We think you need these skills to ace Data Engineer
Some tips for your application 🫡
Tailor Your CV: Make sure your CV reflects the skills and experiences that match the Data Engineer role. Highlight your experience with AWS, Python, and SQL, and don’t forget to mention any work with data pipelines or cloud systems.
Craft a Compelling Cover Letter: Use your cover letter to tell us why you’re passionate about data engineering in sports. Share specific examples of how you've turned messy scripts into reliable pipelines and how you can contribute to our team.
Showcase Your Projects: If you’ve worked on relevant projects, whether personal or professional, make sure to include them. We love seeing real-world applications of your skills, especially if they involve data modelling or automation.
Apply Through Our Website: We encourage you to apply directly through our website. It’s the best way for us to see your application and get to know you better. Plus, it shows you’re serious about joining our team!
How to prepare for a job interview at TRIA
✨Know Your Data Tools
Make sure you brush up on your knowledge of AWS, Snowflake, and Python. Be ready to discuss how you've used these tools in past projects, especially when building and maintaining data pipelines. Showing that you can turn messy scripts into reliable workflows will definitely impress.
✨Showcase Your Problem-Solving Skills
Prepare examples of how you've tackled challenges in data engineering. Whether it's optimising SQL queries or automating workflows, be specific about the problems you faced and the solutions you implemented. This will demonstrate your hands-on approach and technical expertise.
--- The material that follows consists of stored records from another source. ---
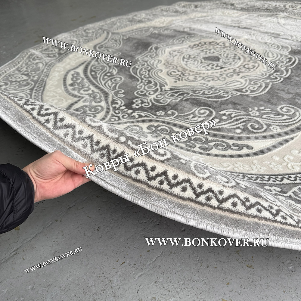 Шикарный Круглый ковер в гостиную дизайн 01 Серый наполняет интерьер квартиры теплом и уютом, гармонично сочетает в себе изящество и красоту. Он изготовлен из износостойких материалов, комфортный и долговечный.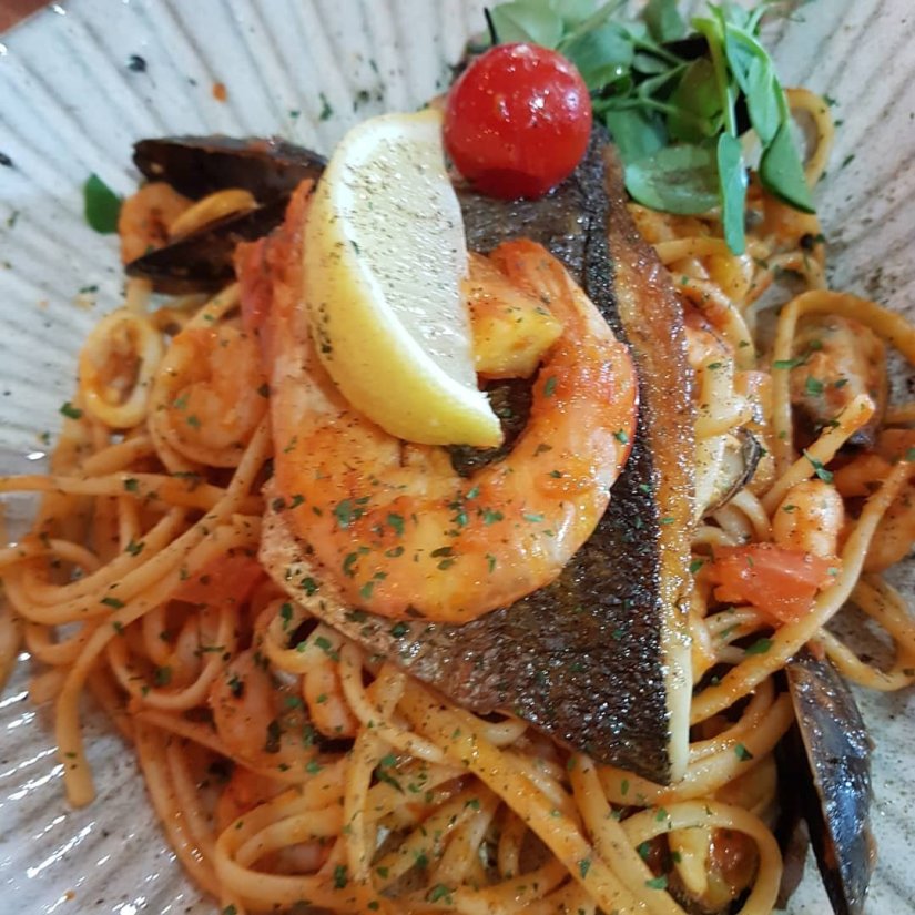 Creamy linguine pasta in a white wine and tomato sauce and a seafood mix of prawns, mussels and clams all topped of with the juiciest king prawn and crispy pan fried sea bass fillet. Was I in Rotherham or Sorrento????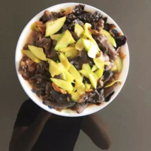 冷锅热油,下五花肉煸炒出香味,➕五香粉,料酒,蚝油,接着放入木耳,黄瓜继续翻炒均匀,➕鸡精,味精,排骨精,,酱油,盐调味即可……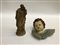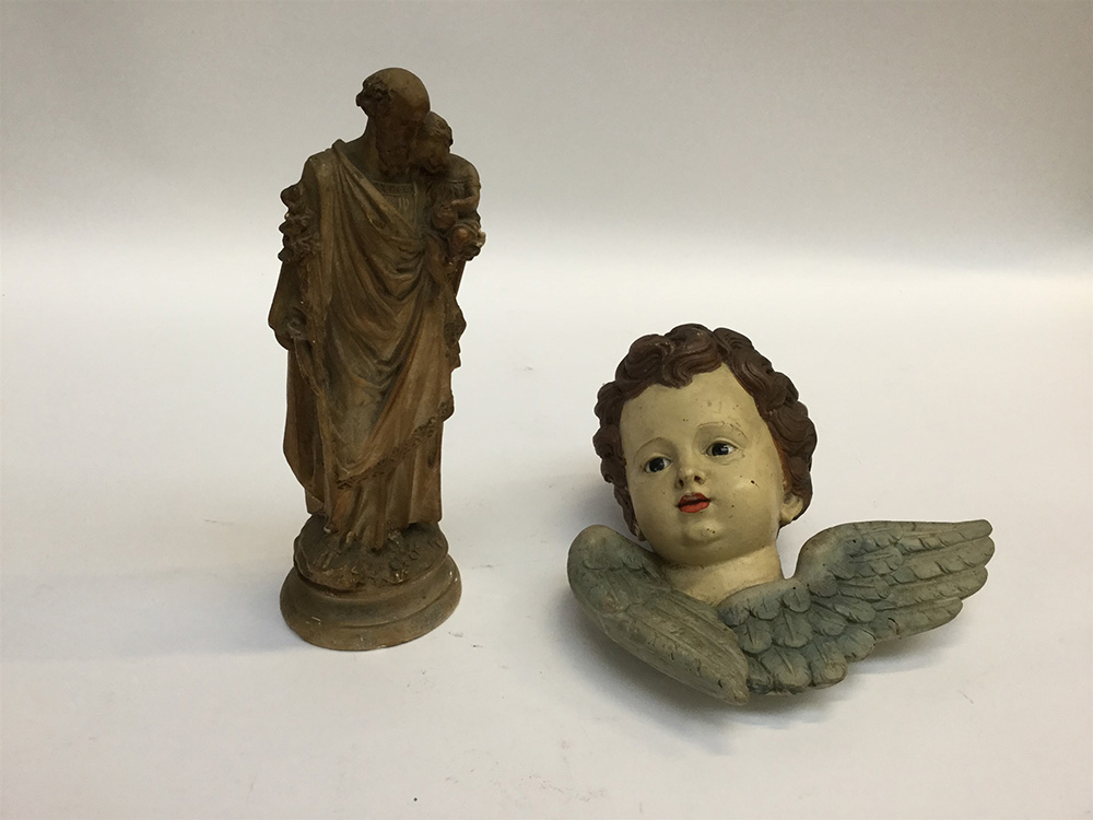 Lotto composto da una scultura in gesso patinato raffigurante San Giuseppe col Bambino (h cm 31), e una testa di Cherubino in legno intagliato e dipinto (h cm 27) (difetti)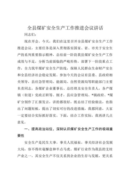/ 【七哥公文】2025年:全县煤矿安全生产工作推进会议讲话+更多免费公文+VX:QiGeGongWen2024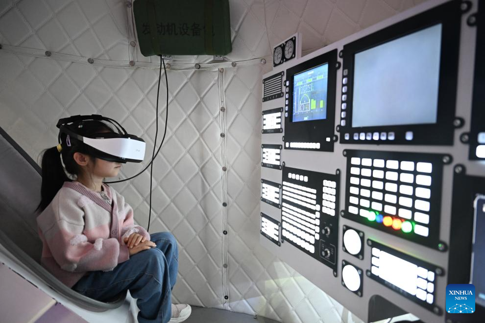 A kid tries a Mars rover module under the guidance of a docent at an aerospace science popularization base in a satellite manufacturing industrial park in Hebi, central China's Henan Province, April 21, 2025. (Xinhua/Du Xiaoyi)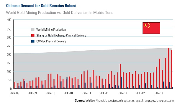 Ever wonder who is uying all that gold that is selling cheaply into the market? Some say it is central banks while others claim it is China. Looking at the chart below we can see that in fact China is the biggest buyer of gold in the world today. In fact they buy almost all the gold that is mined today. Ever wonder why they are buying all that gold? As a gold bug I sure do. Notice how little presence the COMEX has. A mere pitance.

✨Understand the Role's Impact
Familiarise yourself with how data influences decision-making in sports. Be ready to discuss how your work as a Data Engineer can support performance insights and unify data sources. This shows that you’re not just technically skilled but also understand the bigger picture.
✨Be Ready for Technical Questions
Expect to dive deep into technical discussions during the interview. Brush up on your knowledge of CI/CD practices, Git version control, and data governance. Being able to articulate your experience and best practices will set you apart from other candidates.